Cool demo though, thanks.
Nice - good to see a less censored model _with_ function calling 🎉Will hopefully pressure others to follow likewise as anyone who’s used ChaGPT will run across ridiculous “refusals” which can often be overcome by persisting…
So far I’ve found this to be the best LLM as a code assistant in producing Python code. Was also good seeing it have less censorship and the issues that brings.
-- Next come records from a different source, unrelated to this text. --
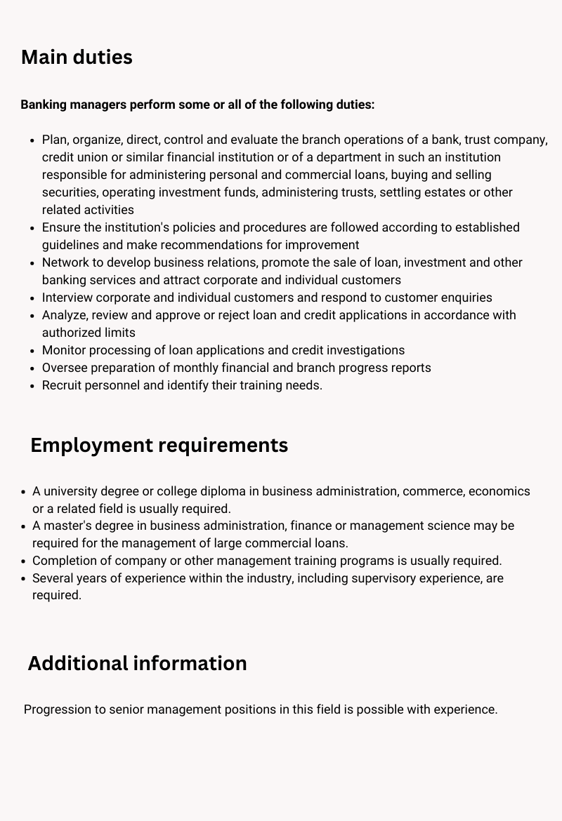 Banking, credit and other investment managers plan, organize, direct, control and evaluate the activities of financial establishments or operational departments within such establishments, or credit departments in industrial and commercial establishments. They oversee business development and manage overall performance in accordance with established strategic directions and policies. Banking managers are employed by banks, trust companies and credit unions. Credit managers are employed by credit departments in department stores, utility companies, car dealerships, insurance companies or other industrial or commercial organizations. Other investment managers are employed by credit card companies, consumer loan companies, mutual fund investment firms, mortgage investment companies or other financial establishments concerned with extending loans and financing and investments.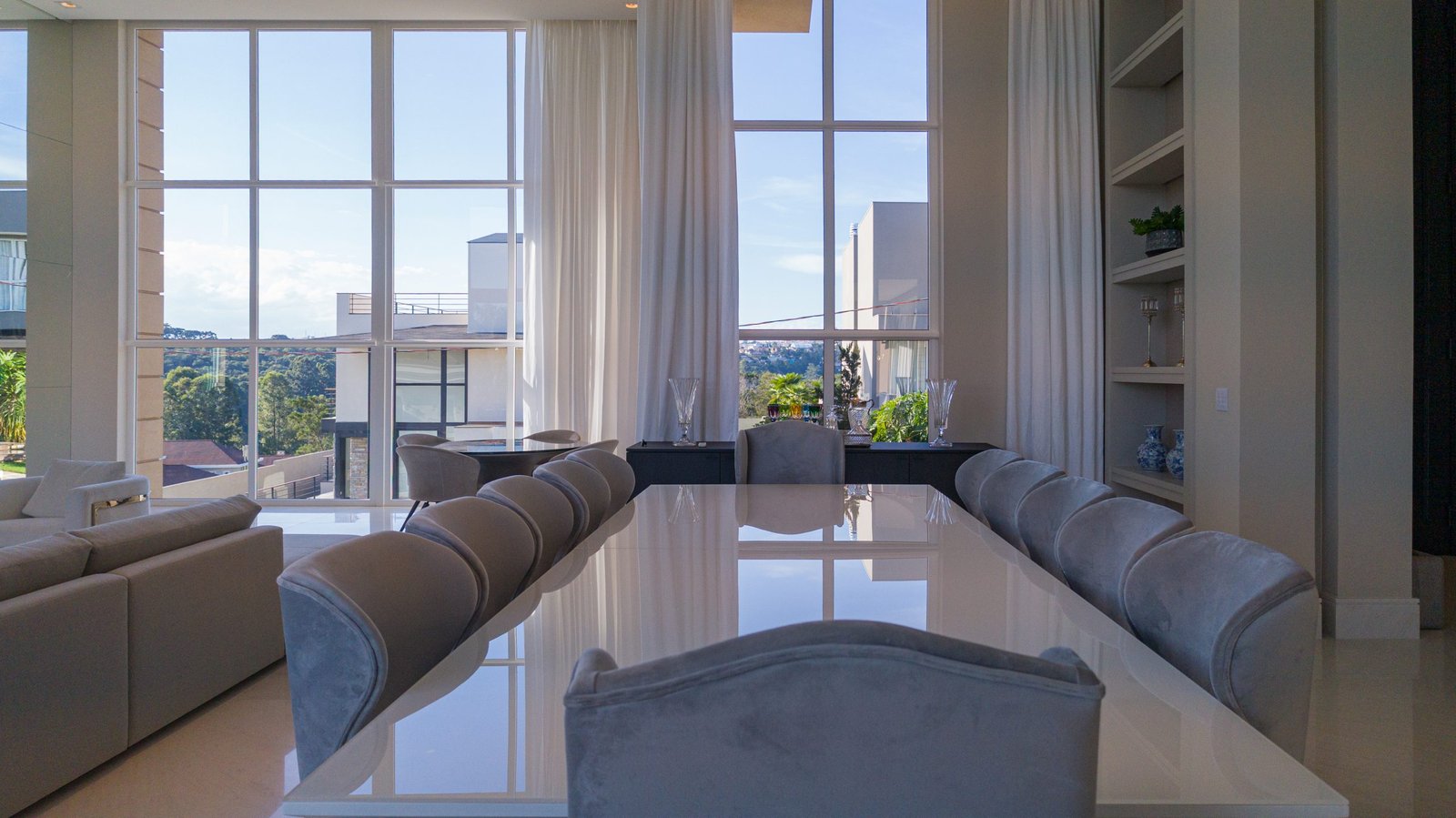 Quando se fala em acústica, os vidros duplos isolam até 35 decibéis. Em ambientes com estruturas amplas, e que buscam aproveitamento de luz natural e amplitude, também é possível optar pelo isolamento termoacústico.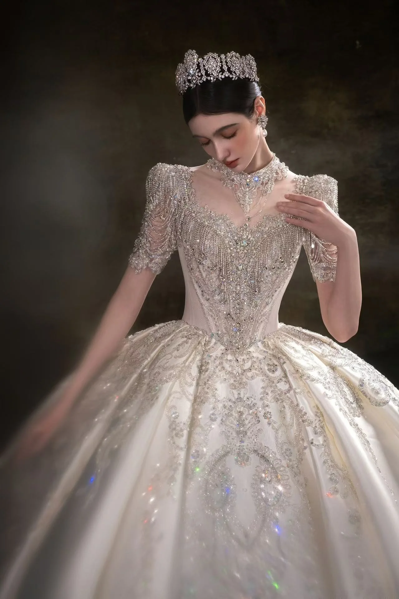 - 向客户展示我们的品牌背书,介绍款式,并引导新娘挑选她钟爱💞的婚纱。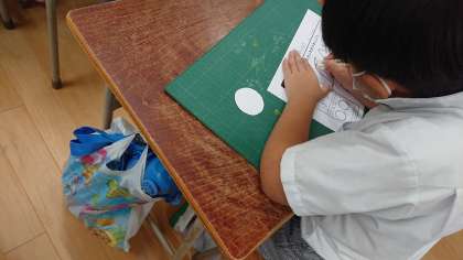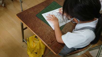 あんぜんだい一、もち方や力の入れ方に気をつけて、紙を切るれんしゅうからしています。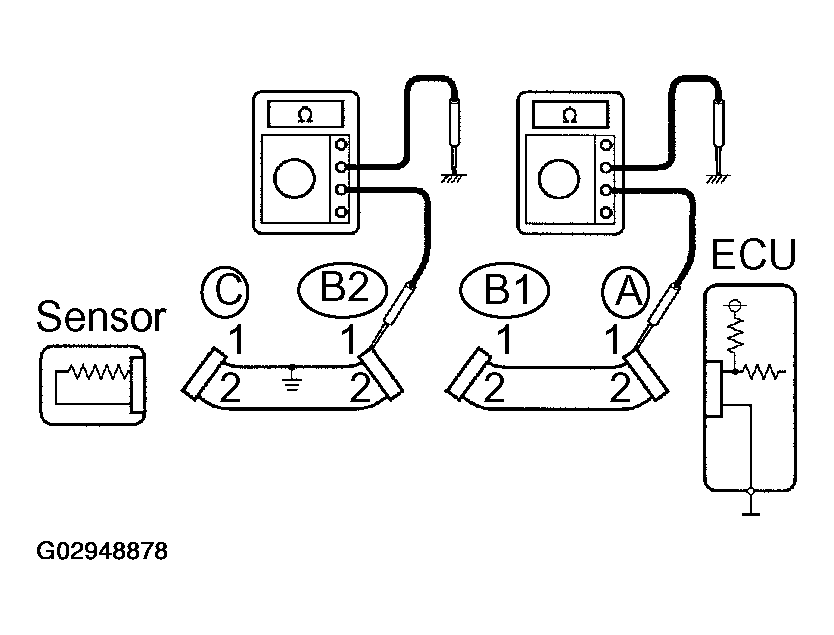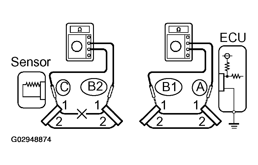2. Disconnect connector B and measure the resistance between terminal 1 of connector A and body ground, and terminal 1 of connector B2 and body ground.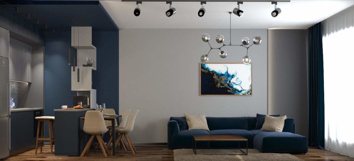 Нашей командой был разработан дизайн-проект для двухкомнатной квартиры площадью 85 кв.м. Главной особенностью интерьера является использование контрастных цветов: молочного и глубок синего.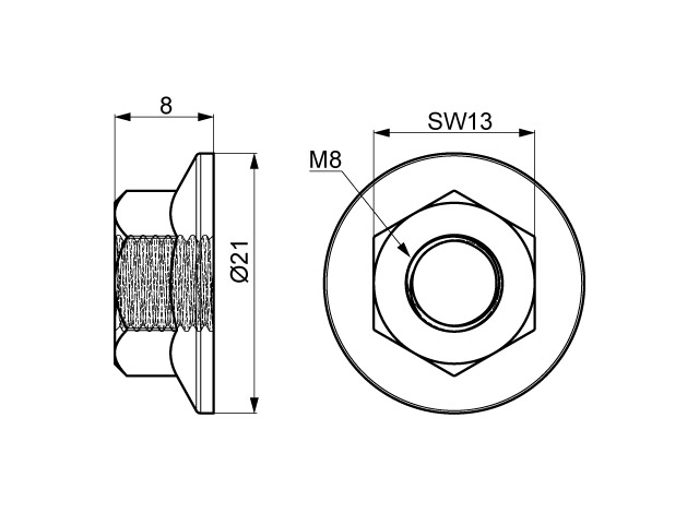 Nakrętka kołnierzowa z gwintem M8.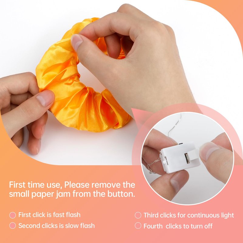 - 3 Light Modes: Fast flash, slow flash, and constant light. Easily remove the plastic sheet inside the hair scrunchies from the outside of the satin hair scrunchies, then find the button and press it.

Interesting I haven't done that much with it for coding assistance will check that out more.
Awesome 😎 !!
And it's cool to see a "small" french company compete with big players !
Can't wait to see how Gemini will add some news to the Functions calling. I mean, I hope they will do a bit differently, more flexible
Wouldn't it be awesome to have a LLM able to set up its own tools ?
I was going to make a similar comment. The LLMs need to be able to create their own functions, test them, then put the functions in their own(or public) library for reuse.
These AI are definitely gonna rule the world someday.
@Sam - Any chance of doing a video about Autogen Studio 2? I think that your style of video could do some justice to explaining it and extend on the idea of using mistral for function calling or "skills" as Autogen studio calls them.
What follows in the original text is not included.